#### RECORDS FOR THIS EXERCISE
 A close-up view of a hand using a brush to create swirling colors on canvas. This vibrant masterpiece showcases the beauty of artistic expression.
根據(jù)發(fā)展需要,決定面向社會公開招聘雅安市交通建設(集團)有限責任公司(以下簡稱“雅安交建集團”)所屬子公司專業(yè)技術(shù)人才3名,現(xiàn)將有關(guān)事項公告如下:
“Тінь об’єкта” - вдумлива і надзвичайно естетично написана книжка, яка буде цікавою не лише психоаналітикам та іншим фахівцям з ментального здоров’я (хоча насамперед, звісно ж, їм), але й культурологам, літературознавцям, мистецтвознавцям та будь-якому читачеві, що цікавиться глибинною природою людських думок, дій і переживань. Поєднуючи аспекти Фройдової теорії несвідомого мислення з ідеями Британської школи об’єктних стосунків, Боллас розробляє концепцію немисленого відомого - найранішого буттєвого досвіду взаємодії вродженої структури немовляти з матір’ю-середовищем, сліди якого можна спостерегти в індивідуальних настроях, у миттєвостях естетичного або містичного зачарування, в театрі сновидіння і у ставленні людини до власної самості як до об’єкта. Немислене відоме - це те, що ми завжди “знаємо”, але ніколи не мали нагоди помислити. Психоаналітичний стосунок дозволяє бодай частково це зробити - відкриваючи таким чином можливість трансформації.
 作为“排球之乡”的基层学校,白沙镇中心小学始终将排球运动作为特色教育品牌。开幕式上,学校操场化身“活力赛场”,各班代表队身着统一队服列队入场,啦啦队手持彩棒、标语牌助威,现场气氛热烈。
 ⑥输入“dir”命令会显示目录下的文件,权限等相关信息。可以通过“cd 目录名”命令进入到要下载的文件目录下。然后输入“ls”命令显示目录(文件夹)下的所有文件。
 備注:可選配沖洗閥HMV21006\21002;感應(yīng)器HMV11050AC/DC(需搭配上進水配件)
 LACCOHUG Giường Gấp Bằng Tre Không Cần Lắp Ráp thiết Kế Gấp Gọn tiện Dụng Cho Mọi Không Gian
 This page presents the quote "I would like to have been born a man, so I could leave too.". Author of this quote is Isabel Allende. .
--
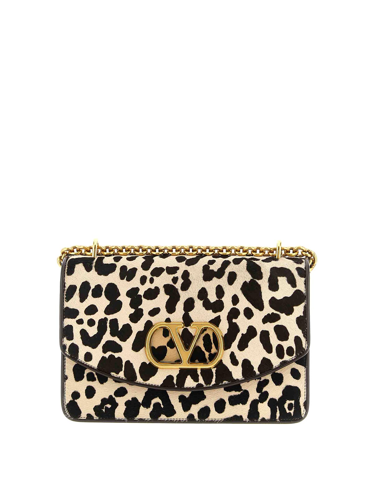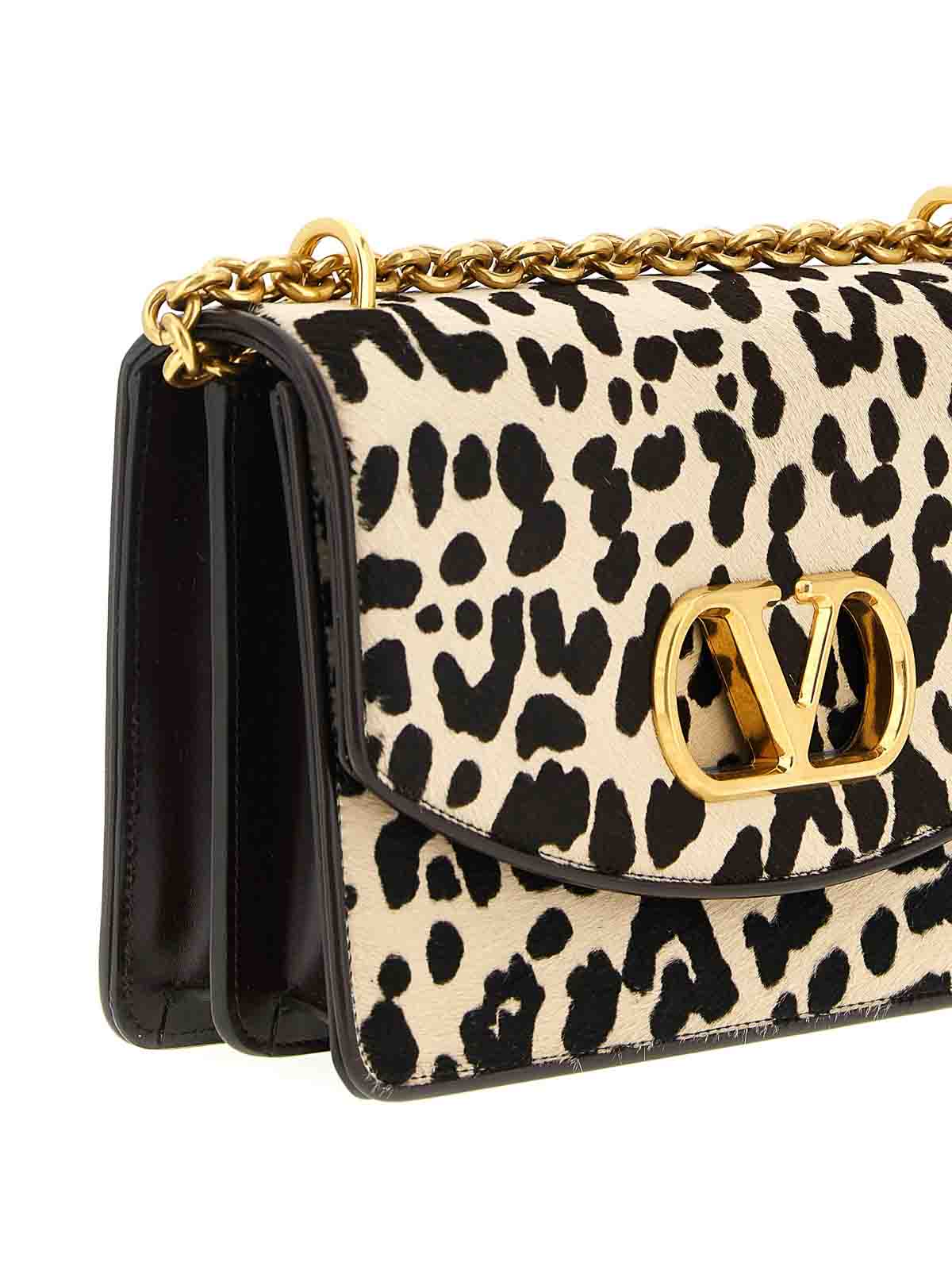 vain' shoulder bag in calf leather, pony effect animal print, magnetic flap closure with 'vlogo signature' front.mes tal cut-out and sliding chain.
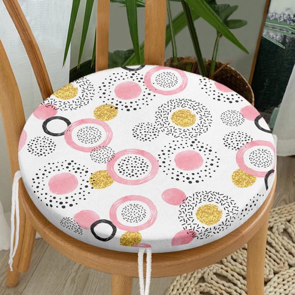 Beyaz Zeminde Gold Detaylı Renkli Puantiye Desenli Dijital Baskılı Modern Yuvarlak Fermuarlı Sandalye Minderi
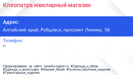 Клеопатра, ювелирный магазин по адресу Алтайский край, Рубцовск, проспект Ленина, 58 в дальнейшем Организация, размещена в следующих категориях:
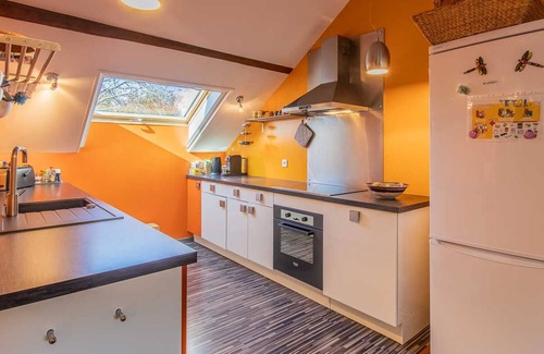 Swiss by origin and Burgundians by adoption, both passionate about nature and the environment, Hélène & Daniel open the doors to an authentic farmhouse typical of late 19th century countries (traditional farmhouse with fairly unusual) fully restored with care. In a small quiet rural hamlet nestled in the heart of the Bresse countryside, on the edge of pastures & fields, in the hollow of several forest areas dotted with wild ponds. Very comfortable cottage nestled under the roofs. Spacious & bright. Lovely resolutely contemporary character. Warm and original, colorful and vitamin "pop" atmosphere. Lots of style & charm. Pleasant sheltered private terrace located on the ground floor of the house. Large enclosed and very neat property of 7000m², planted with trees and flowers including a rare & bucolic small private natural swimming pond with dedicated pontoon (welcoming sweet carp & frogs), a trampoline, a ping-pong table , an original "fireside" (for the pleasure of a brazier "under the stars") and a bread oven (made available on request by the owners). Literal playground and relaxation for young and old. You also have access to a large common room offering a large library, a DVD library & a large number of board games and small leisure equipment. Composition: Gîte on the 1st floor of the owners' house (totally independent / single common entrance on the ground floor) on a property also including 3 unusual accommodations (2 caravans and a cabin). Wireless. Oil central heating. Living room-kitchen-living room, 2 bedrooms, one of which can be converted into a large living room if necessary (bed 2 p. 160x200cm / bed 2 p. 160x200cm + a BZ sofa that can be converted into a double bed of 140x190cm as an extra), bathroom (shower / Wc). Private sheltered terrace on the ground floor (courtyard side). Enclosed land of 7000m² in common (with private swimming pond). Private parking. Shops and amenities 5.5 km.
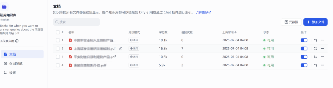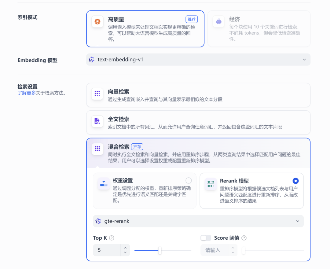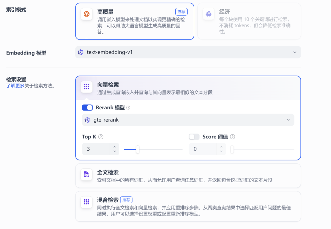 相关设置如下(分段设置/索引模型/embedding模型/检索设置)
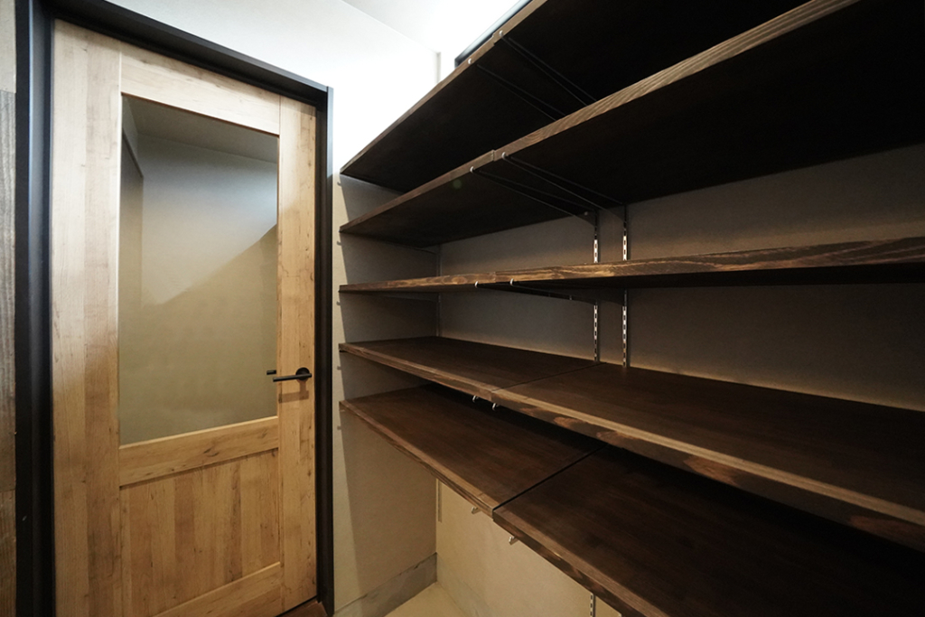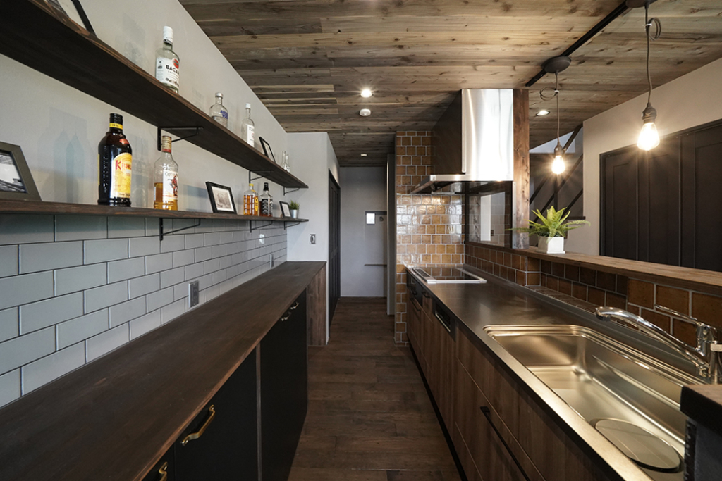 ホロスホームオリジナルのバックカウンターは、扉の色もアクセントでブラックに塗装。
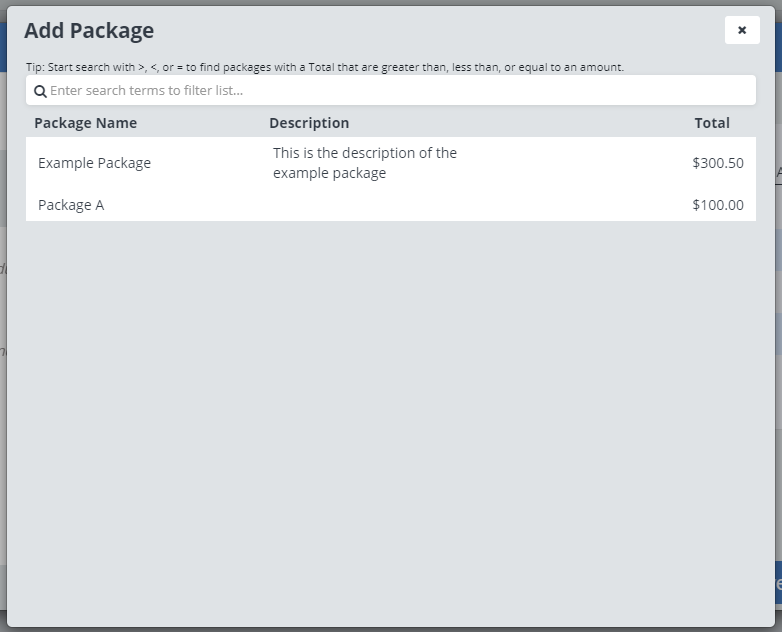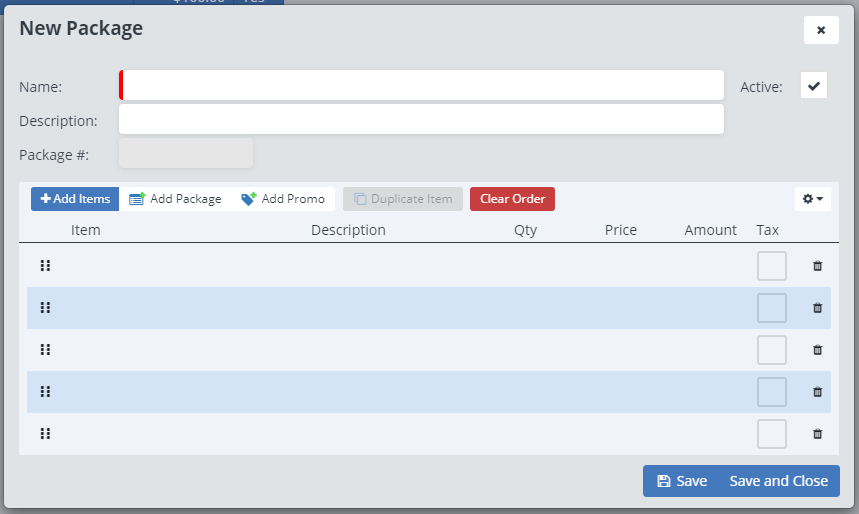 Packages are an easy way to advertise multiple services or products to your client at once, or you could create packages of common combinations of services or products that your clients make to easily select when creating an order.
* * *
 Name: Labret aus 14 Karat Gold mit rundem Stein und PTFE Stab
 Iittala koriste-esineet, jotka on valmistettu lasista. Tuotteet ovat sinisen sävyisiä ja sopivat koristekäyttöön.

#### TASK INSTRUCTIONS
Go back to the listing above. Copy word for word the lines from the one with "備注:可選配沖洗閥HMV21" through the one with "This page presents", and nothing more.

#### RESPONSE
 備注:可選配沖洗閥HMV21006\21002;感應(yīng)器HMV11050AC/DC(需搭配上進水配件)
 LACCOHUG Giường Gấp Bằng Tre Không Cần Lắp Ráp thiết Kế Gấp Gọn tiện Dụng Cho Mọi Không Gian
 This page presents the quote "I would like to have been born a man, so I could leave too.". Author of this quote is Isabel Allende. .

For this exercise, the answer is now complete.